WHAT IS BEING ASKED
Your copy of the listing should match it exactly, only without pictures.

PROVIDED MATERIAL Start Marker

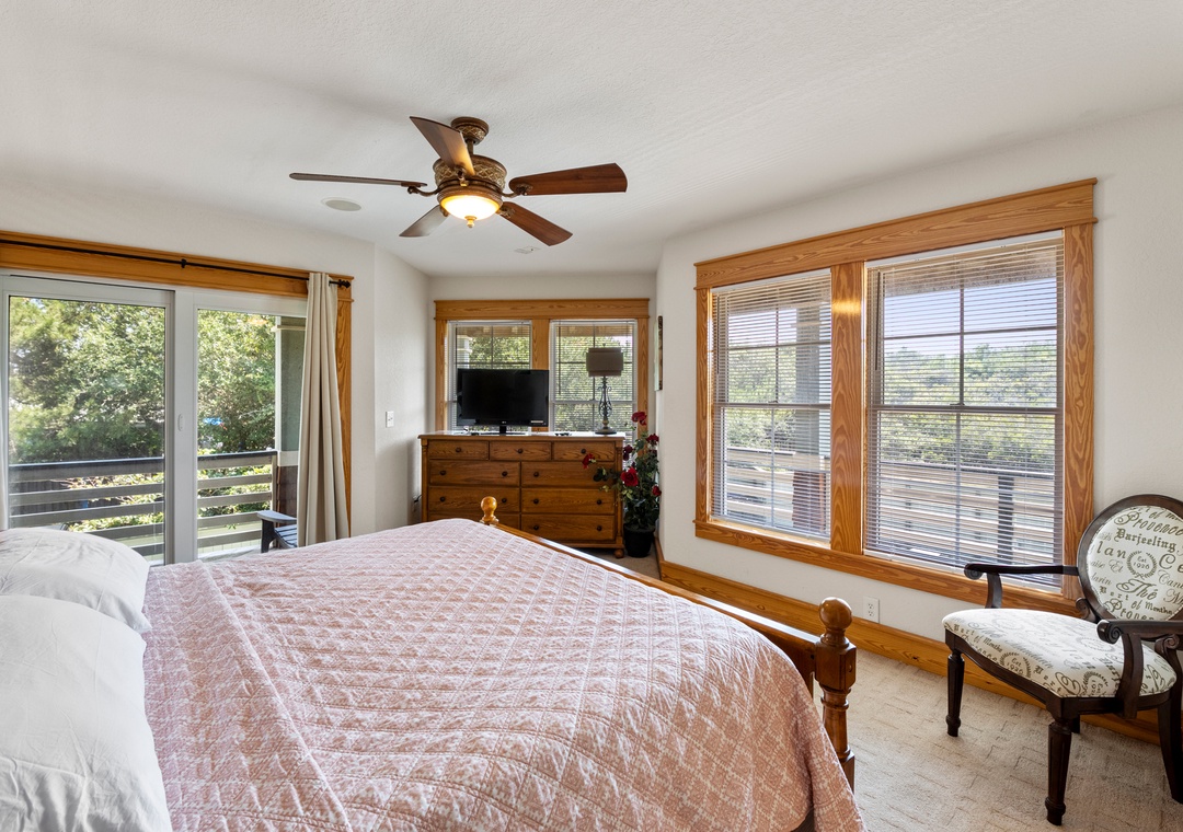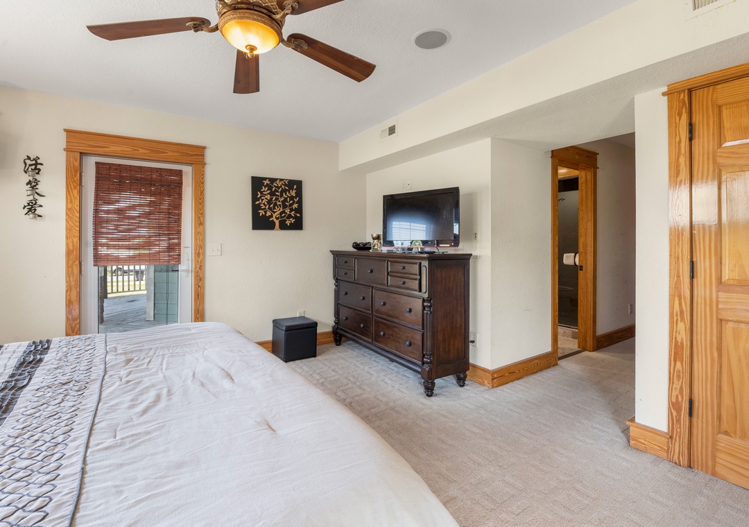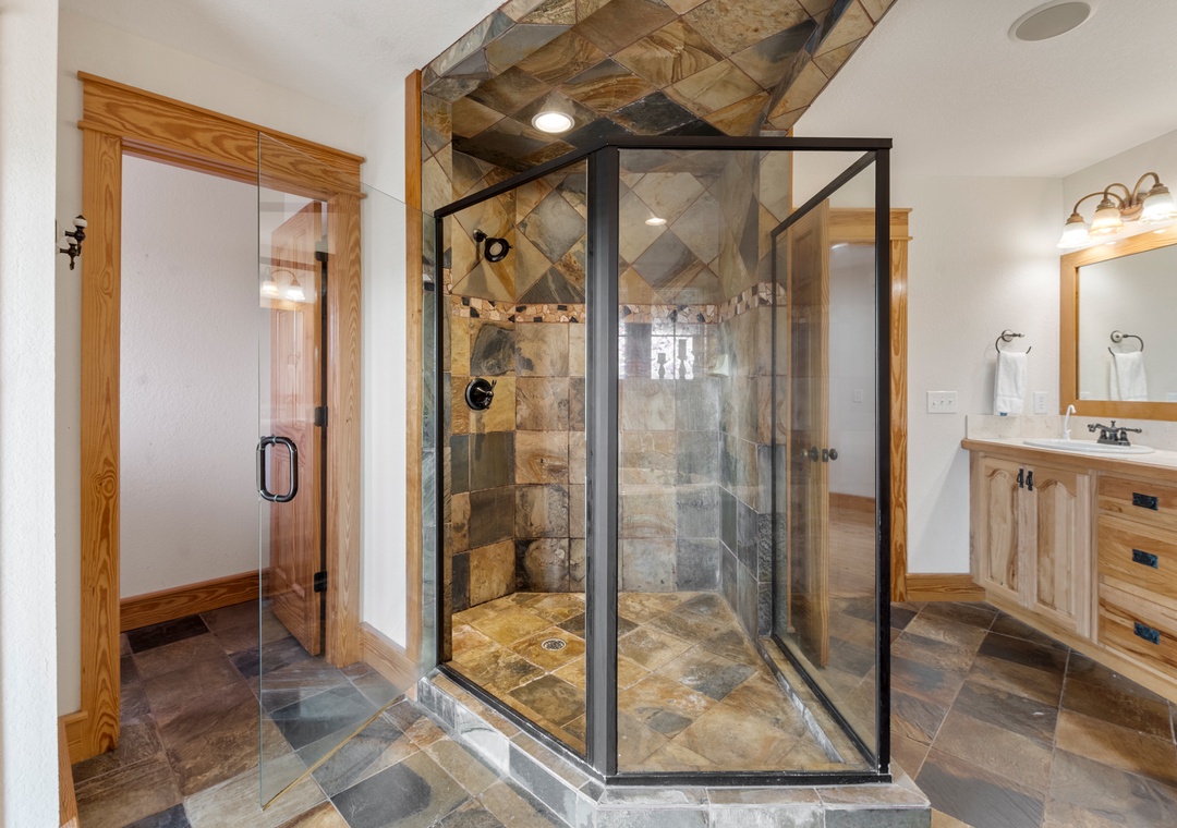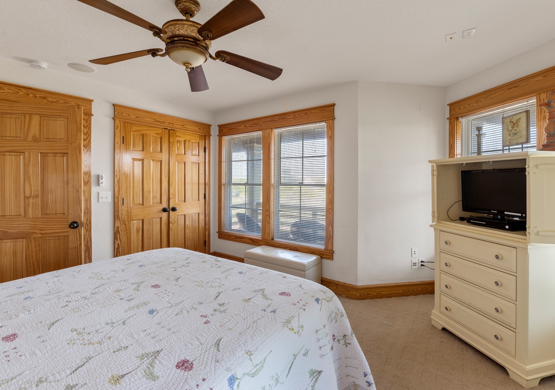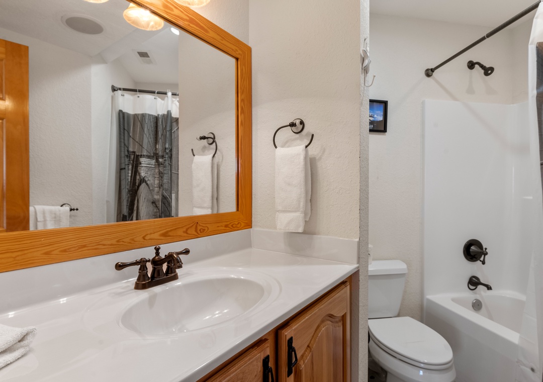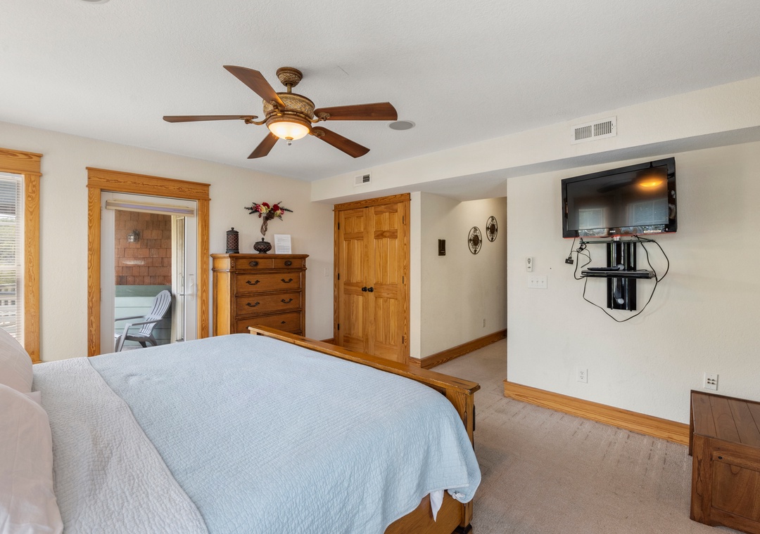The good times continue downstairs in the rec space where you can show off your skills on the billiard table or play your best hand at the poker table. Go one-on-one in air hockey or foosball, or try to beat the highest score on the arcade games. For more laid-back entertainment, host a movie night in the theater with tiered, electric leather seating. A wet bar and full-size fridge on the ground level is perfect for grabbing a snack or a refill during the game or movie. At the end of the night, retreat to the stunning primary suite that features a huge private bath with a jetted tub and spacious walk-in shower. Six additional bedrooms, all of which are ensuite and provide deck access, will comfortably accommodate multiple or extended families. Guests with mobility issues can skip the stairs and use the elevator, which is also convenient for unpacking luggage and groceries.
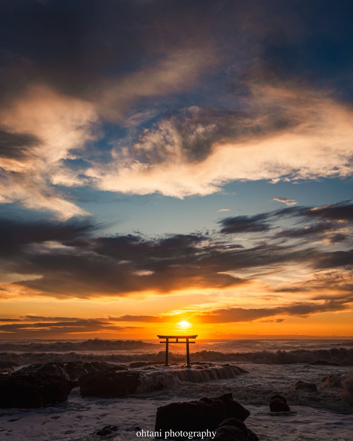 Twitterに投稿された写真「茨城県 大洗磯前神社の『神磯の鳥居⛩』と日の出☀」
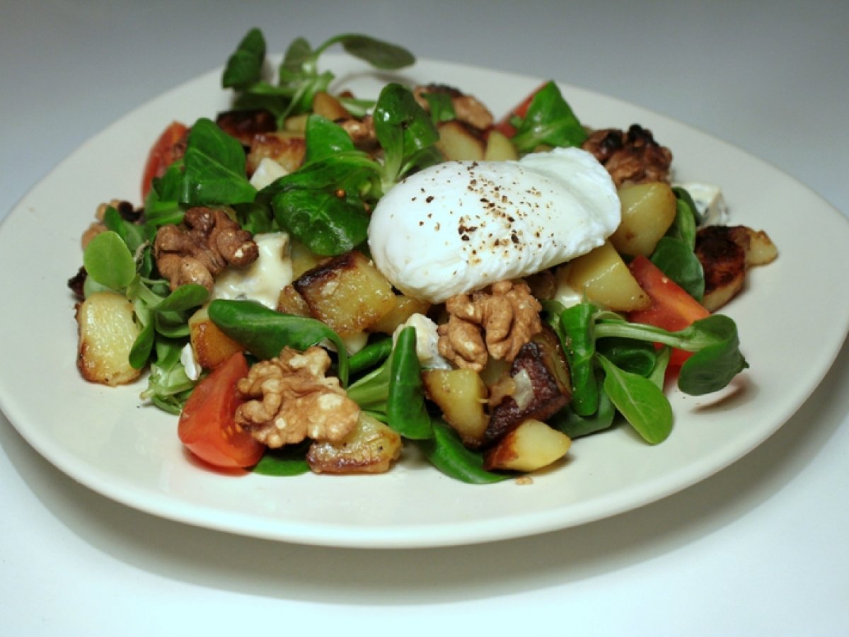 Salade de mâche aux pommes de terre, bleu, noix & oeuf poché

PROVIDED MATERIAL End Marker

WRITTEN RESPONSE
The good times continue downstairs in the rec space where you can show off your skills on the billiard table or play your best hand at the poker table. Go one-on-one in air hockey or foosball, or try to beat the highest score on the arcade games. For more laid-back entertainment, host a movie night in the theater with tiered, electric leather seating. A wet bar and full-size fridge on the ground level is perfect for grabbing a snack or a refill during the game or movie. At the end of the night, retreat to the stunning primary suite that features a huge private bath with a jetted tub and spacious walk-in shower. Six additional bedrooms, all of which are ensuite and provide deck access, will comfortably accommodate multiple or extended families. Guests with mobility issues can skip the stairs and use the elevator, which is also convenient for unpacking luggage and groceries.
 Twitterに投稿された写真「茨城県 大洗磯前神社の『神磯の鳥居⛩』と日の出☀」
 Salade de mâche aux pommes de terre, bleu, noix & oeuf poché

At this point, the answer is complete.